On December 17 1903 the siblings would succeed in achieving the first powered, sustained, and controlled airplane flight. Two years later they would take things further by flying the first fully practical airplane, kickstarting a global economy and helping to make the world a smaller place.
Leonardo Da Vinci
The fame of Leonardo Da Vinci's iconic paintings, such as the Mona Lisa and The Last Supper, has meant he has been regarded primarily as an artist, but he was also an immensely talented engineer and scientist – and a visionary inventor way ahead of his time.

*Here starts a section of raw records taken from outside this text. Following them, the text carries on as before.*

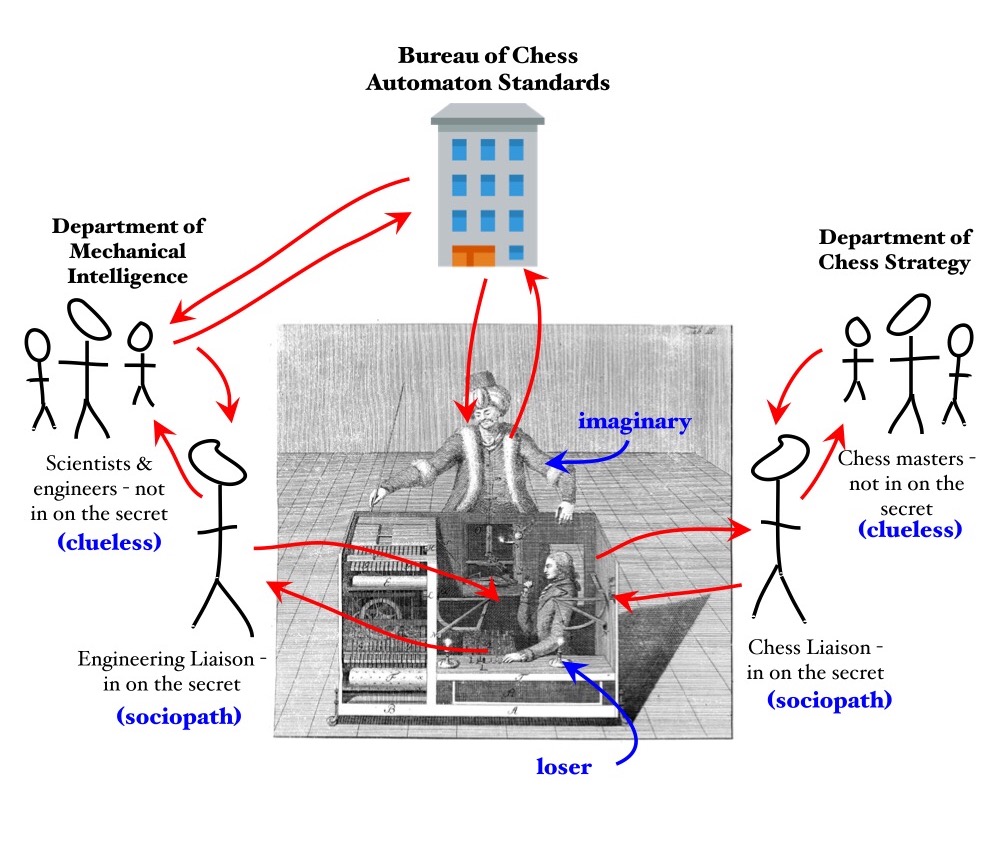 Vienna, late 18th century, alternate timeline. In the beginning, there was just the tinkerer. One night, after attending a magic show at the palace, he got drunk and made a bet with a rival courtier. A few months later, he unveiled a marvelous contraption before a palace audience. The contraption was an automaton, dressed as a Turkish sorcerer. It sat at a desk filled with complicated gears and levers, with a chessboard on top. The Turk played a decent game of chess, beating dukes, princes, and visiting American statesmen. Its reputation spread, and with it the reputation of Vienna as a hub of technological development. Tinkerers from Austria to America set about making their own Mechanical Turks (as well as Mechanical Russians, Yankees, and chess-playing shepherdesses). Only a few succeeded; most were in Vienna. Of those half-dozen that succeeded, all were known to be acquainted with some down-on-his-luck chess master who, incidentally, was not overly tall or rotund. Vienna's reputation continued to spread, and it became fashionable for wealthy patrons to support chess automata and exhibit them. Unfortunately, one of the impoverished chess players got the flu. During his performance, such a loud fit of coughing emanated from his automaton's desk that the audience was scandalized. The Turk, a hoax! The entire reputation of Vienna was on the line. To meet the crisis, the wise Empress created a Bureau of Chess Automaton Standards, and appointed a Secretary of Chess Automaton Quality Assurance to head it. He in turn hired many Chess Automaton Inspectors. But both they and the tinkerers faced a problem: all the chess automata were fake. There was a guy inside playing chess. They could not pass a penetrating inspection. In consultation with the tinkerers, they arrived at a solution that met the needs of all parties. The Automaton Inspectors were taught a ceremonial procedure for verifying the legitimacy of a chess automaton. For the first part, tinkerers were required to present a PowerPoint describing the workings of the automaton to the Automaton Inspectors. The Automaton Inspectors would then perform a cursory inspection of the machine. For the second part, conducted the next day, the Automaton Inspectors would test the chess ability of the automaton to ensure that it had an Elo rating of at least 2000. (This rating would go up a bit every few years, demonstrating the progress of Vienna's mechanical intelligence industry.) Meanwhile, savvy firms added sets of noisy gears to their elaborate-looking apparatuses. The noisy gears had no purpose other than to cover any sound the secreted human operators might unintentionally make. Most of the tinkerers quickly created two new departments: a Department of Mechanical Intelligence, whose job was to maintain and improve the complicated-looking mechanism and explain it to visiting Chess Automaton Inspectors, and a Department of Chess Strategy, whose ostensible job was to continually improve the chess-playing abilities of the automaton to keep up with Bureau standards. The tinkerers (now firms) that did not implement these changes tended to be exposed as frauds, losing their income and status and bringing shame upon their patrons and on Austria. The firms now had an ostensible (narrative or mythic) function, and a real, practical function. The mythical function was to promote the glory of mechanical intelligence - a strategically important myth to Austria's international standing. The practical function was to maintain (and improve) an illusion. These ceremonial inspection practices benefited firms (at least, those who evolved Departments of Mechanical Intelligence and Departments of Chess Strategy) by providing them legitimacy, and benefited the Bureau of Chess Automation Standards by providing income, meaningful-seeming work, and status. However, firms that got on the wrong side of the Empress could be subjected to Extraordinary Review, a more demanding inspection process that necessarily resulted in the scuttling of the false automaton and the disgrace and dissolution of the firm. Many of the scientists and engineers in the various Departments of Mechanical Intelligence did not even know that the automata were not real. Careful precautions were taken to limit the "testing" of the automaton's functionality. The secret was kept by only a few insiders who acted as liaisons between the Departments of Mechanical Intelligence and the clandestine human operators. Sometimes the Departments of Mechanical Intelligence produced real results—quite by accident. One clueless engineer, inspired by his automaton, invented a mechanical weaving machine. Another invented a device that could play voice recordings, enhancing the appeal of the automaton. "Échec!" the automaton would cry. Inspired by the talking machine, an American invented the telephone. The reputation of Vienna was all this time enhanced. However, the Departments of Mechanical Intelligence mostly produced increasingly elaborate mechanisms that didn't do anything, and increasingly elaborate theories about how the mechanism might work, if it did work, which it didn't. Universities began to offer programs in Mechanical Intelligence, with curricula often based on the theories developed in the chess automaton firms. Universities supplied graduates to the firms, professionalized the discipline, and further bolstered the legitimacy of the enterprise. Everyone lived happily ever after. Perhaps they eventually invented the internet, quite by accident. What Institutions Are Up To I have worked in corporations, nonprofit entities, and government agencies. They have always been extremely mysterious to me. I could never quite figure out what the institutions were up to—their goals, workings, and desired behaviors were never clear to me. Mission statements read at meetings seemed to have little connection to the day-to-day activities we performed. What did they want? What were they doing? I will share here a 
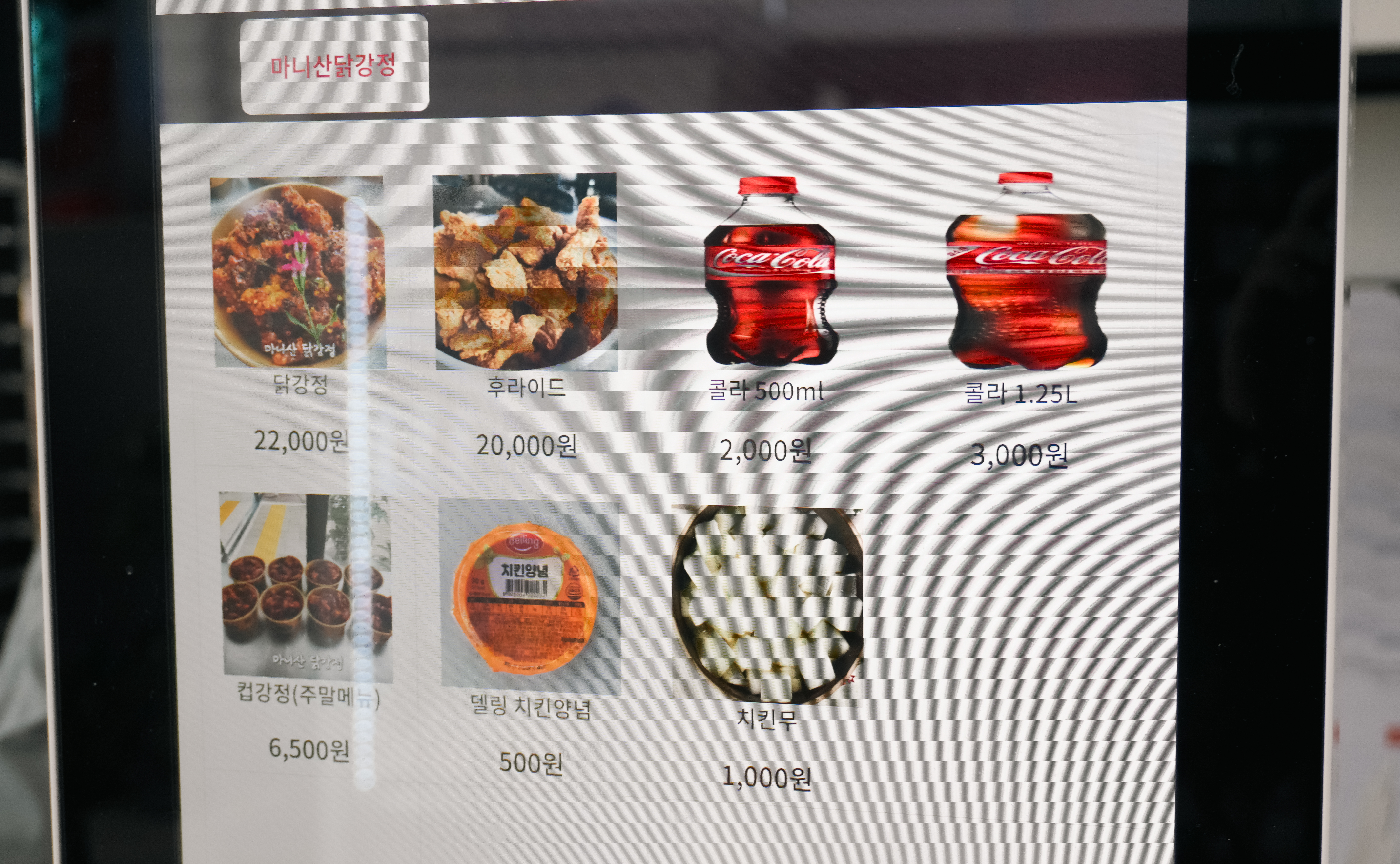 강화도 마니산닭강정 메뉴는 키오스크에서 메뉴를 주문할 수 있었는데요. 닭강정, 프라이드, 컵강정 등이 있었습니다. 가장 많이 판매되는 닭강정은 22,000원이었고, 컵강정은 6,500원으로 부담 없는 가격에 맛볼 수 있었습니다. 저는 22,000원 닭강정을 주문했습니다.
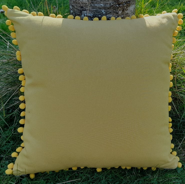 The cushion is embellished with a fun pom-pom trim and has a conceal zip. It comes complete with a cushion inner pad and measures 38cm x 38 cm.
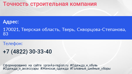 Точность, строительная компания по адресу 170021, Тверская область, Тверь, Скворцова-Степанова, 83 в дальнейшем Организация, размещена в следующих категориях:
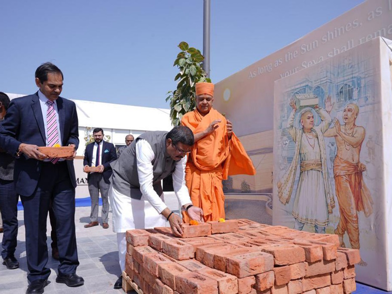 Blessed to offer puja and lay a ceremonial brick at the grand @BAPS Hindu temple that is under construction in Abu Dhabi.
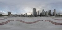 a skateboard park with a lot of ramps and the skyline of los behind it
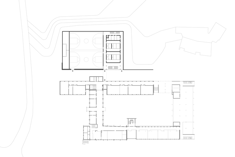 Das Grundstück nord-westlich der Bestandsschule ist hangseitig erschlossen und der Neubau situiert sich an der südlichen Baugrenze ohne die notwendige natürliche Belichtung und Belüftung der Schule zu beeinträchtigen.
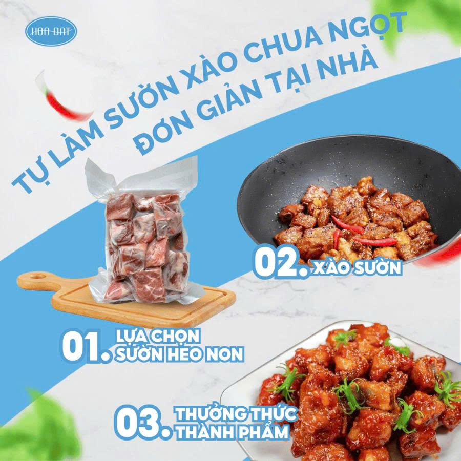 - Sườn xào chua ngọt: Sườn heo cắt miếng, luộc sơ qua để loại bỏ bớt chất béo. Sườn xào lăn qua dầu để miếng thịt săn lại. Tiếp tục cho hành phi vàng, cà chua, 1 chút đường, muối tiêu, nước mắm… tạo thành hỗn hợp chua ngọt. Cho sườn vào xào chín ngấm gia vị thì cho thêm hành lá vào.
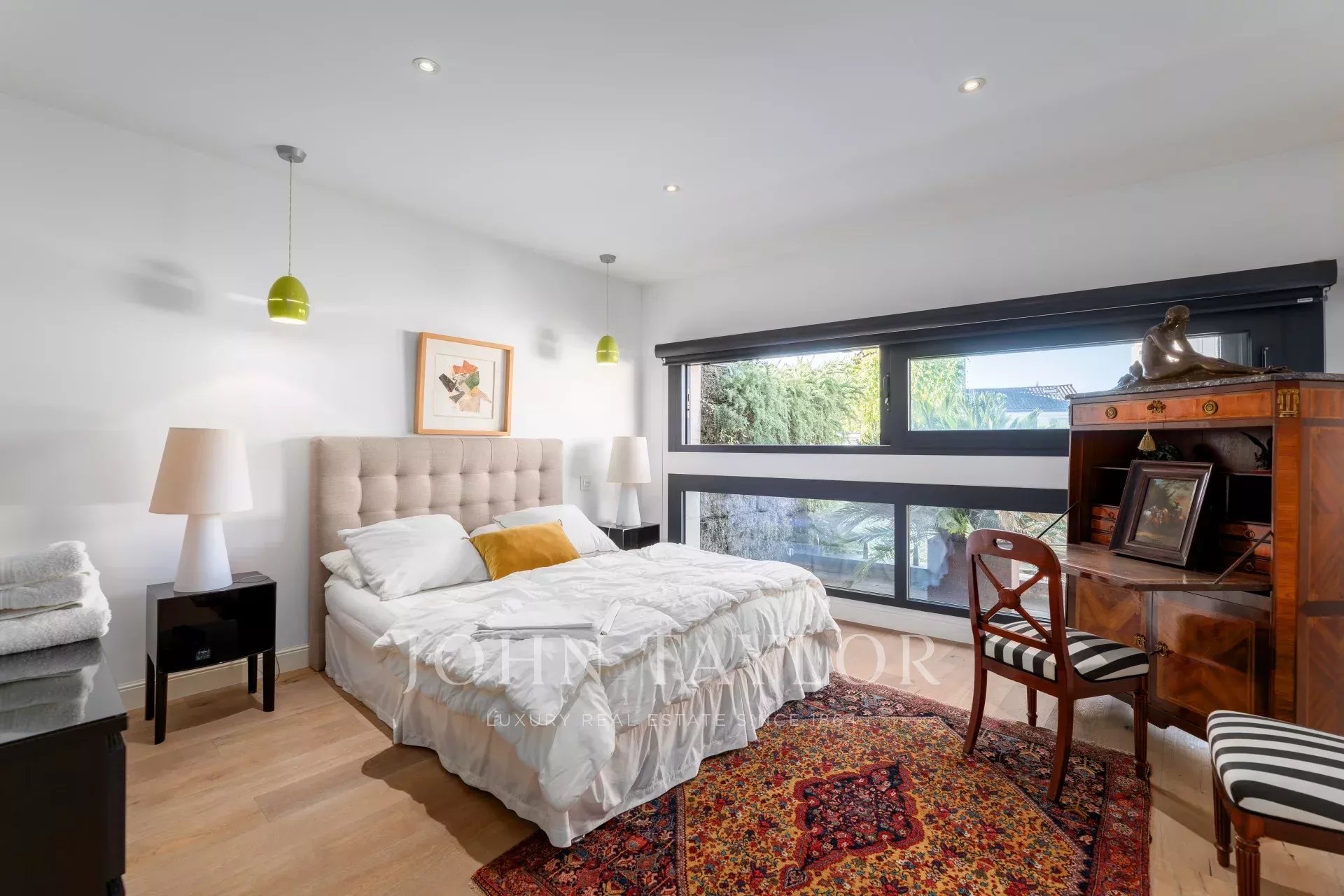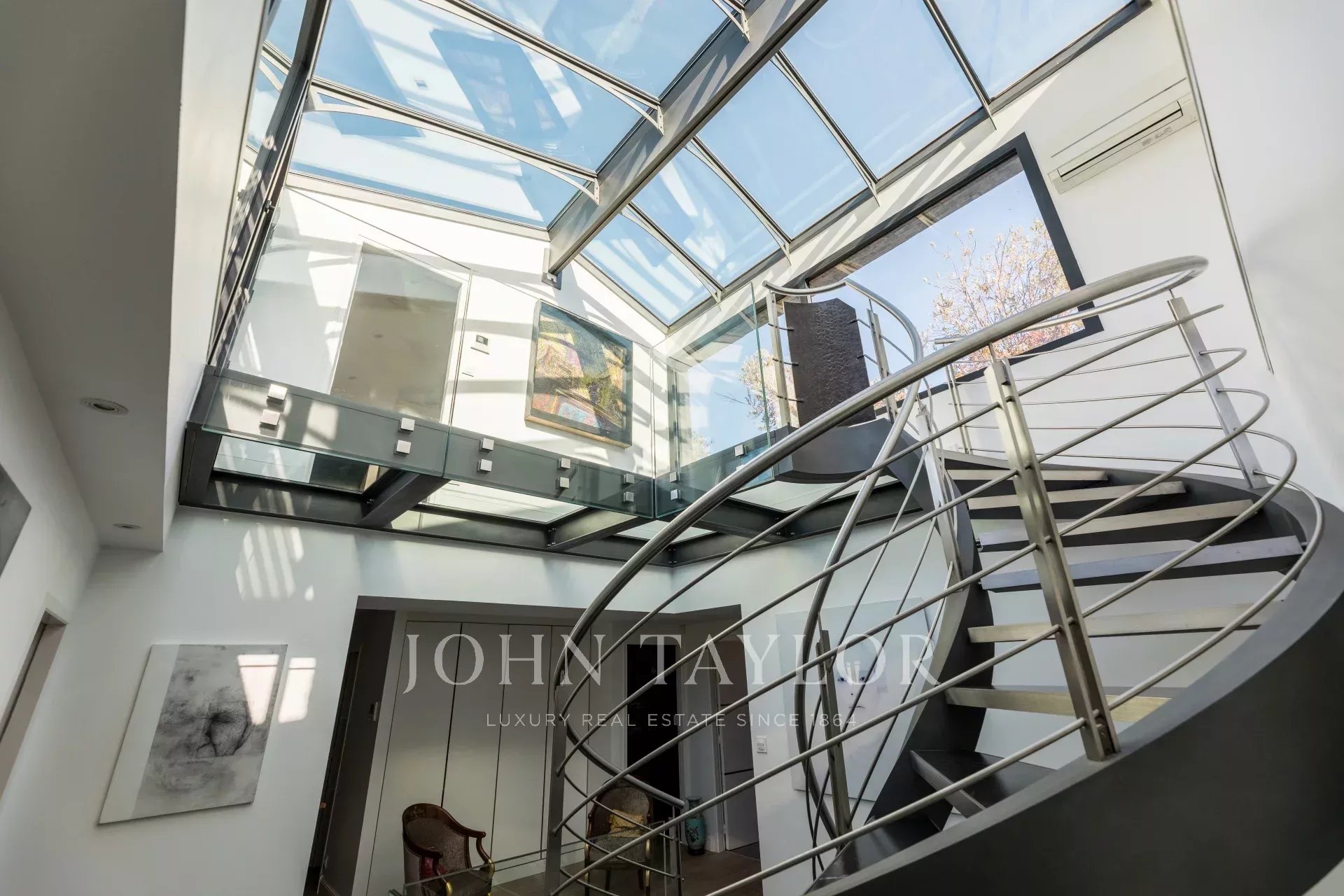 En el exterior, la propiedad ofrece un oasis de tranquilidad con una espectacular piscina rodeada de vegetación exuberante. El área de fitness y la sauna entregan oportunidades para el relax y el ejercicio sin salir de casa. Para mayor comodidad, la casa dispone de un ascensor, facilitando el acceso a todas las plantas de esta magnífica residencia.

One of the great creative minds of the Italian Renaissance, Da Vinci was born in the town of Vinci on April 15, 1452. Despite living centuries before his trailblazing ideas were fully realized, his forward-thinking sketches provided the foundation for some of the most important innovations of modern times, with his notebooks suggesting that he 'invented' the bicycle, airplane, helicopter, machine gun and parachute.
From his deep understanding of the workings of the human body, as evidenced by his art, to his awareness of physics, mathematics and astronomy, the key to the polymath’s genius ideas was the way in which he pulled together his varied talents and knowledge to form his concepts.
Galileo Galilei
While Galileo’s inventions and scientific breakthroughs were many and varied, arguably his greatest gift to the world was that he was unafraid to question conventional wisdom and the accepted scientific norms of the time in order to further his remarkable ideas.
Born in Pisa, Italy on February 15, 1564 to a famous musician father, Galileo invented numerous mechanical devices, including a ground-breaking horse-drawn pump and the hydrostatic balance measuring device. His most famous would be a powerful telescope, produced in 1609. Modeled after telescopes produced in other parts of Europe that could magnify objects three times, Galileo’s could magnify objects by a factor of 20, allowing him to look at the moon, discover the four satellites of Jupiter, observe a supernova and verify the phases of Venus.
These discoveries helped him prove the Copernican system, which states that the Earth and other planets revolve around the sun. Prior to this theory, it was accepted that the universe was geocentric, meaning the sun revolved around the earth.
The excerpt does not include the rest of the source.